→ WHAT TO PRODUCE
The expected answer is the full listing, repeated exactly and free of images.
*** Opening of DATA SUPPLIED ***
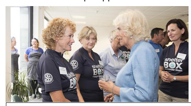
ShelterBox and Rotary meets HRH, the Duchess of Cornwall

support, ShelterBox can be ready to respond, providing displaced families with the lifesaving aid they need right when they need it most. Each box is tailored to a disaster but typically contains a disaster relief tent for a family, thermal blankets and groundsheets, water storage and purification equipment, solar lamps, cooking utensils, a
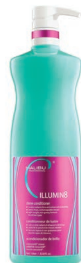
1 litre 12367
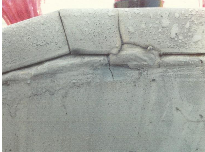
Photograph showing the cracking, initiated from the tack weld used to attach the lighting conduit

In 2009 there was an incident involving a Safeco Crazy Frog in which one of the radial arms failed during operation. This machine was manufactured in 2004 and the failure, due to a similar crack forming, occurred at a different location on the arm. In both cases it appears that the cracks initiated from a tack weld to the lighting bars.
*** Close of DATA SUPPLIED ***
→ THE COMPLETED TASK
ShelterBox and Rotary meets HRH, the Duchess of Cornwall

support, ShelterBox can be ready to respond, providing displaced families with the lifesaving aid they need right when they need it most. Each box is tailored to a disaster but typically contains a disaster relief tent for a family, thermal blankets and groundsheets, water storage and purification equipment, solar lamps, cooking utensils, a
1 litre 12367
Photograph showing the cracking, initiated from the tack weld used to attach the lighting conduit

In 2009 there was an incident involving a Safeco Crazy Frog in which one of the radial arms failed during operation. This machine was manufactured in 2004 and the failure, due to a similar crack forming, occurred at a different location on the arm. In both cases it appears that the cracks initiated from a tack weld to the lighting bars.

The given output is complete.